The coloring of the contours is a linear interpolation from black to white
to show the parameterization of the curve from 0 to 1. Notice the rotational
invariant contours start their parameterization at 0-degrees, and the semi-major
axis are all of equal size.
| Vase | House | Turtle | Duck | |
| Vase | 0.096 | 0.081 | 0.132 | |
| House | 0.096 | 0.143 | 0.123 | |
| Turtle | 0.081 | 0.143 | 0.162 | |
| Duck | 0.132 | 0.123 | 0.162 |
Having a representation of the contours that is invariant to translation,
scale, and rotation allows to compare these curves against eachother in a
meaningful way. The above table shows the pairwase Sums of Squares Differences.
Thinking of the sets of computed coefficients as a high-dimensional data
point, the calculated SSD can be thought of as the distance between the
two points. The larger the number, the more different the two contours are.
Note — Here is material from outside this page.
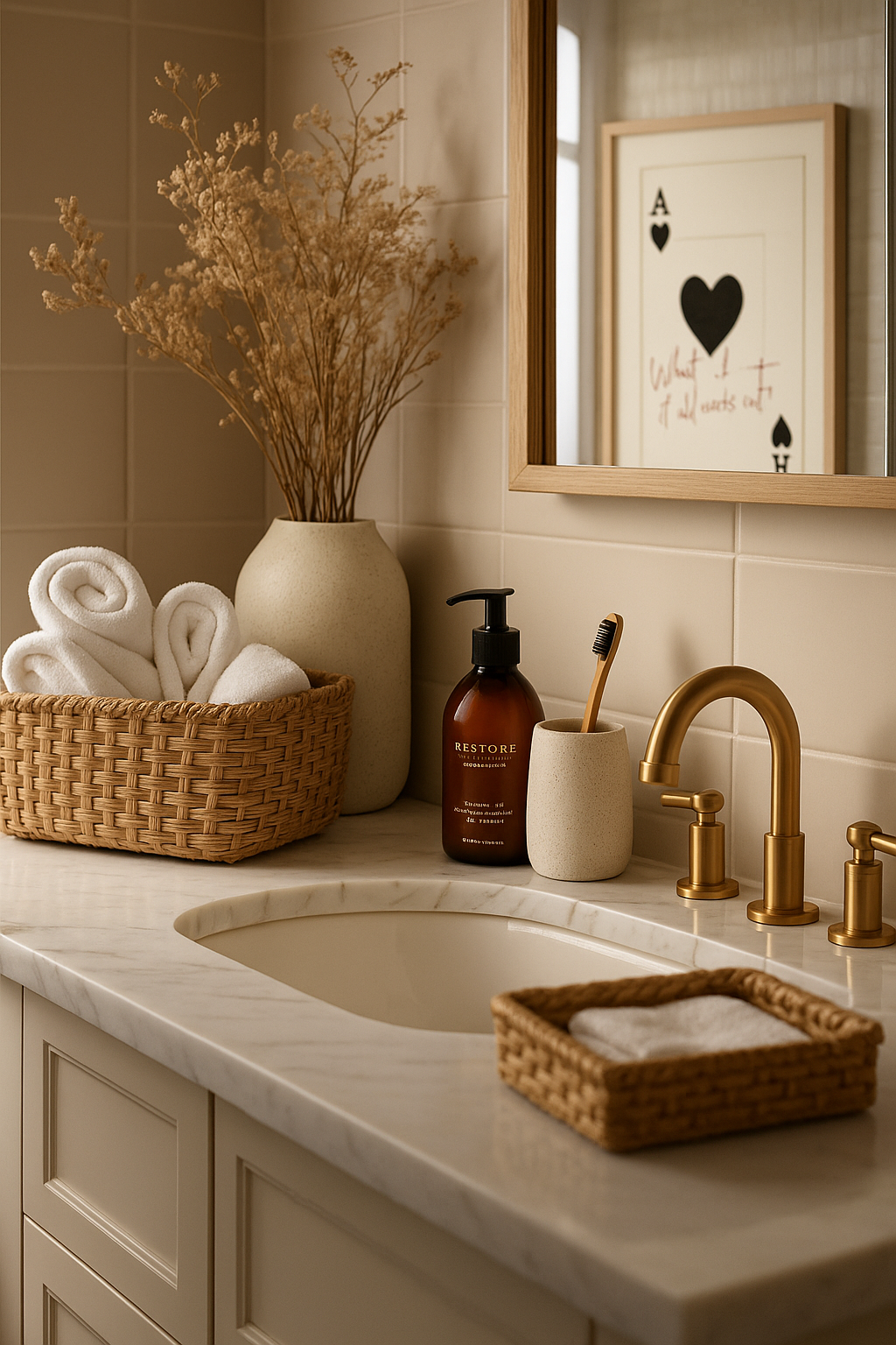 Plush towels, chic accessories, and everyday essentials — everything your bathroom needs, styled with ease.

| Vase | House | Turtle | Duck | |
| Vase | 0.097 | 0.081 | 0.132 | |
| House | 0.097 | 0.143 | 0.124 | |
| Turtle | 0.081 | 0.143 | 0.163 | |
| Duck | 0.132 | 0.124 | 0.163 |
The above table shows the same SSD calculation but computed on contours described by 1000 coefficients rather than 20. Just as we saw diminishing returns for higher order coefficients in regard to the quality of the reconstruction, these higher order coefficients offer diminishing information on how different these contours are. Comparing these values to the previous table shows very little difference. This is excellent because it means we can get away with minimal computation.
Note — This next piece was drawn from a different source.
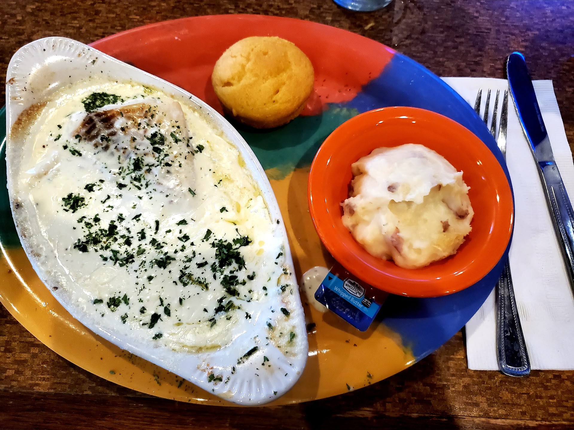 It took over an hour to get food, our order was messed up, missing three items, no refills on drinks until we flagged someone else down, and as for the food - I believe it would have been good had all the fish and crab cake sandwich not been over cooked. The frys and hush puppies were cooked way ahead of time, they tasted old. My husbands pasta he said was good but very runny, not sure how, and came with the wrong side.

The simplicity and robustness of the Elliptic Harmonics makes it an appealing method for contour representation. The results from the previous section show that for contours generated from rasterized images, we will typically require very few coefficients to obtain a perfect reconstruction to pixel accuracy. Further, for shapes of extreme high similarity, we can compute arbitrarily many coefficients to improve the quality of measure.
Elliptic Haromincs are not without their drawbacks. As mentioned in Section 3, while we can achieve rotational invariance, it is somewhat arbitrary. The method assumes the first-order ellipse provides the most information about the shape of the contour, but really it only describes the relative dimensions of the contour. One could image two contours with identical high-frequency oscillations, but very different low-frequency shapes. In such a case, rotations based on the first ellipse are most likely to result in those oscillations being out of phase, and the difference between the two will be large. A human being however, will see this strong similarity of high frequency pattern, and deside the larger dimensional change is not what makes these shapes similar. One better metric for comparison would be to treat each feature of the representation independently. Frequencies, phase-shifts, and amplitudes could be compared, as well as their relationship between one another. However, how these correspond to the ellipses is not clear and may prove problematic.